Wells Fargo plans to reduce the size of its mortgage business, making changes that the bank said would see its home lending business focus on bank customers and minority communities.

As part of its new mortgage strategy, Wells Fargo will exit the correspondent lending business and reduce the size of its servicing portfolio, the bank said in a statement yesterday. Wells Fargo added that the planned changes “continue the work the company has advanced over the past three years to simplify this business.”

“Mortgage is an important relationship product, and our goal is to continue to be the primary mortgage lender to Wells Fargo bank customers as well as minority homebuyers,” Kleber Santos, CEO of consumer lending, said in the statement. “We are making the decision to continue to reduce risk in the mortgage business by reducing its size and narrowing its focus. As the largest bank lender to Black and Hispanic families for the last decade, we remain deeply committed to advancing racial equity in homeownership.”

The planned changes include having the bank’s retail team focus primarily on bank customers and underserved communities. The bank said it would deploy additional home mortgage consultants in local minority communities.

Other moves include adjusting Wells Fargo’s existing $150 million investment, known as it special purpose credit program, to include purchase lending. The SPCP initiative was announced last April to help minority borrowers refinance mortgages serviced by Wells Fargo, and the bank said it would broaden the program to include purchase loans given the current market environment.

Wells Fargo also plans to invest an additional $100 million toward racial equity in homeownership, including through strategic partnerships with non-profit organizations and community-focused engagements. The bank said it expects to make ongoing investments in this area in the coming years.

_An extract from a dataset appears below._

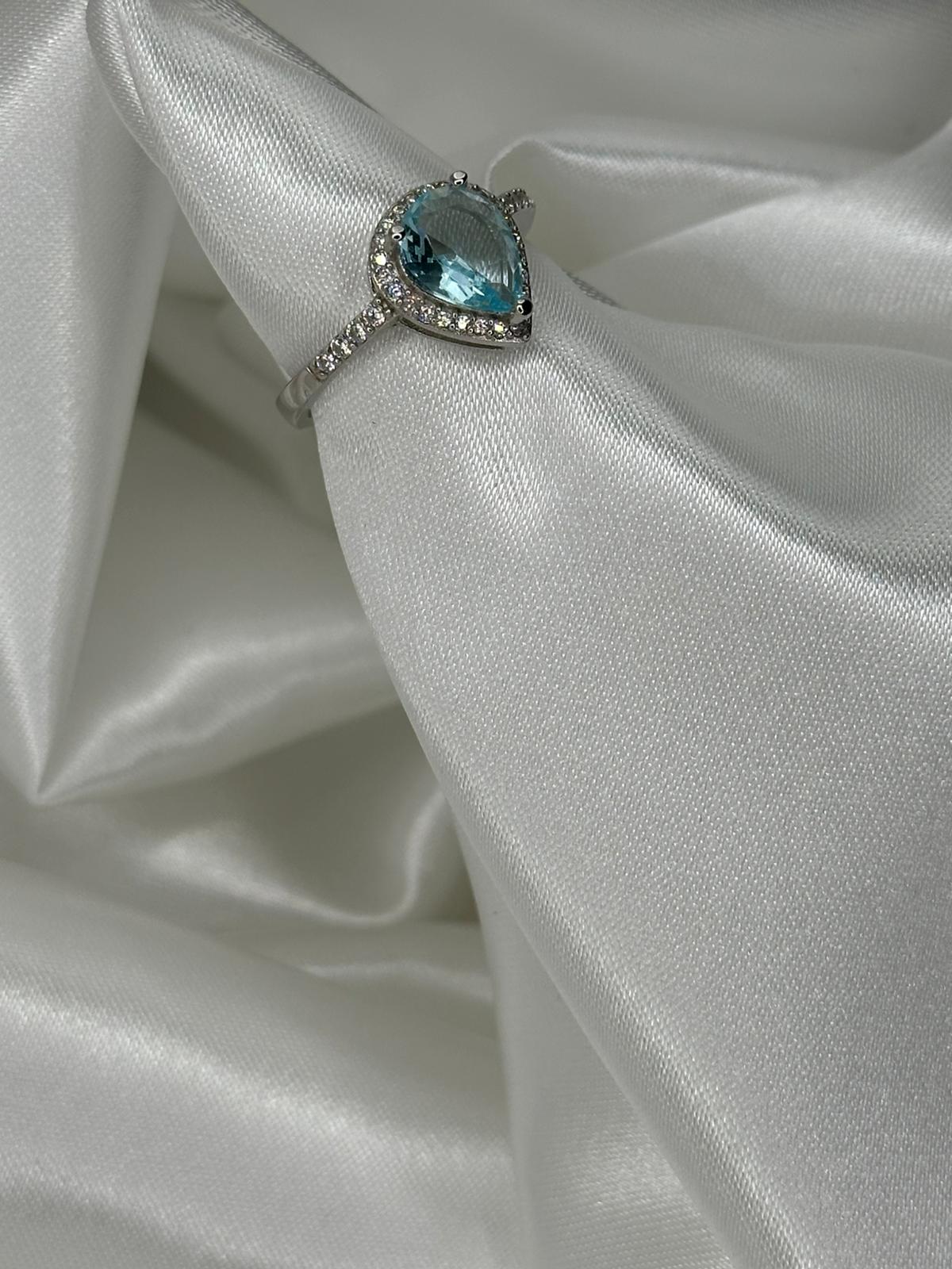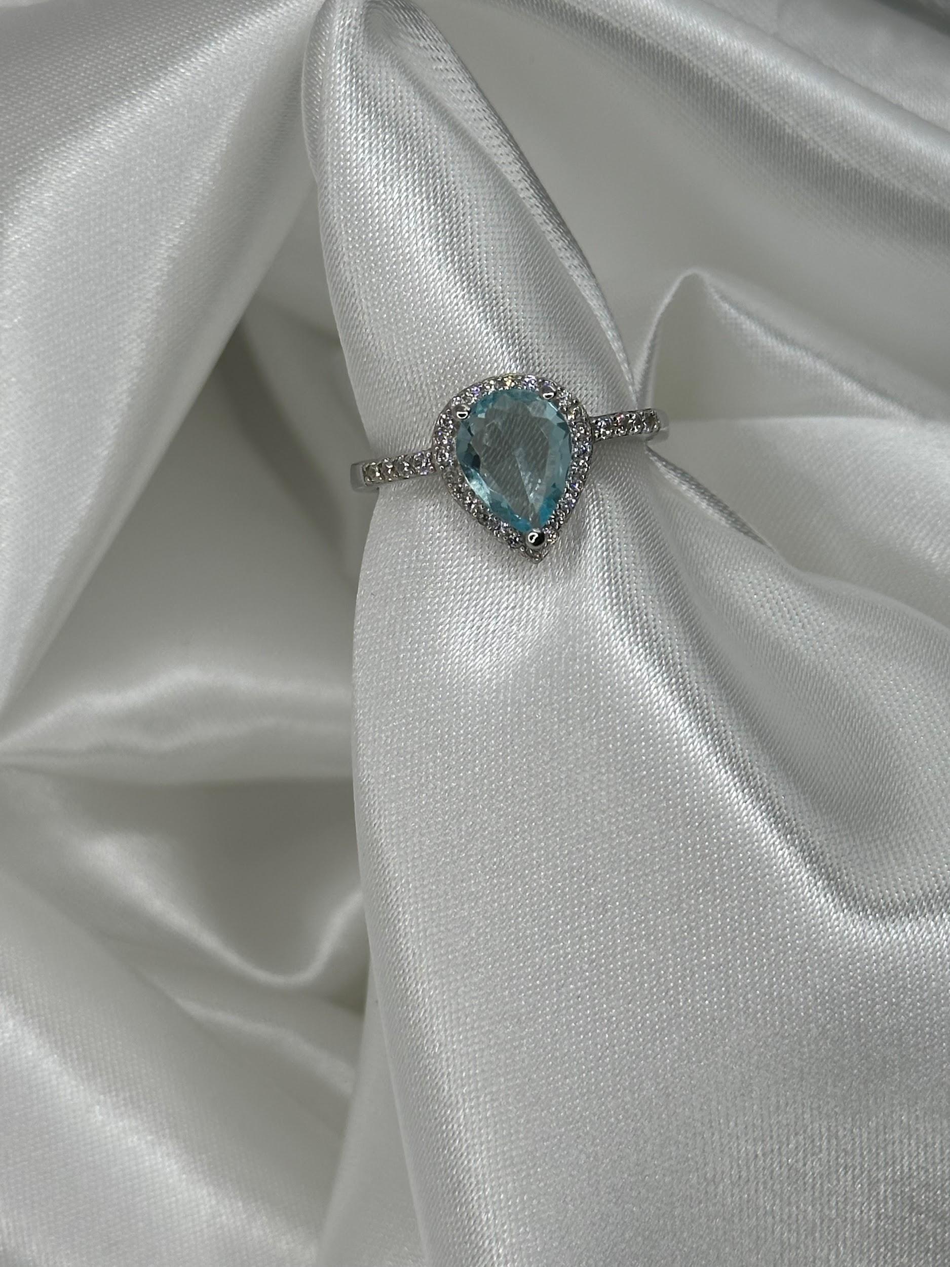 Anello in argento 925 taglio goccia con pietra acquamarina e zirconi naturali, regolabile
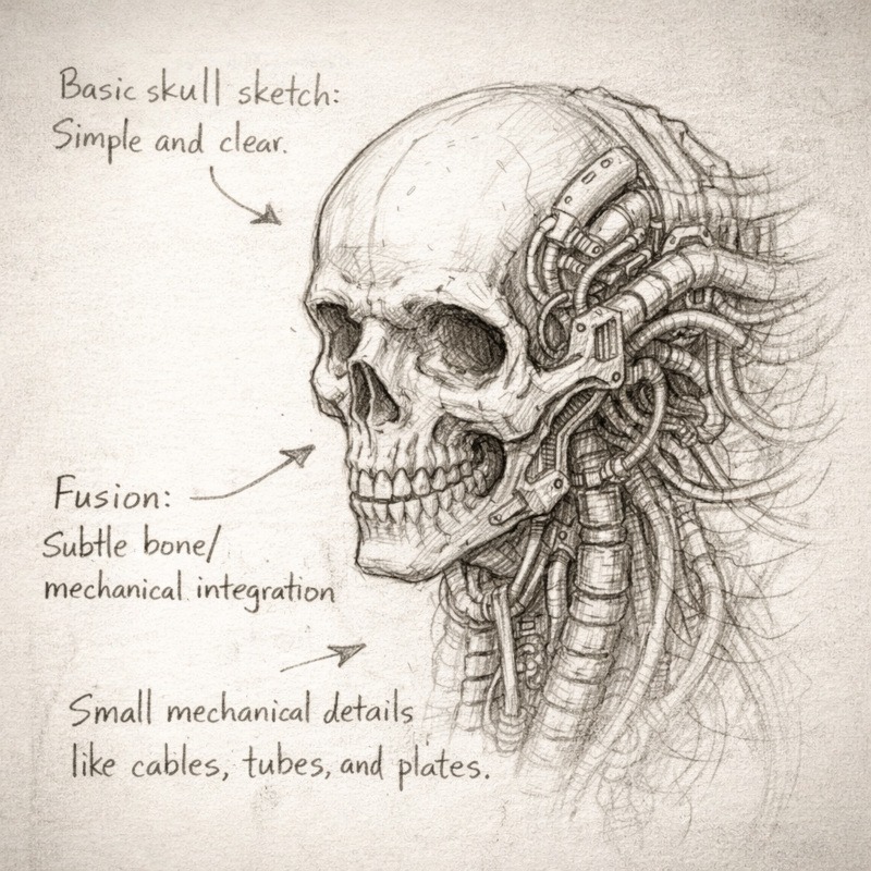 Use smooth shading to blend where bone meets metal. Add shadows so the mechanical parts feel embedded into the skull. Avoid heavy outlines that make the metal look like it was glued on five minutes before submission.

“We will continue to expand our programs to reach more customers in underserved communities by leveraging our strong partnerships with the National Urban League, UnidosUS and other non-profit organizations,” Kristy Fercho, head of home lending and head of diverse segments, representation and inclusion at Wells Fargo. “We also will hire additional mortgage consultants in communities of color.”

The bank said its new strategy will replace the 2016 and 2017 minority homeownership lending commitments made under prior leadership. Wells Fargo last month agreed to a $3.7 billion settlement with the Consumer Financial Protection Bureau related to consumer law violations, including mortgage regulations.

Wells Fargo has mortgage offices in Massachusetts but no retail bank branches.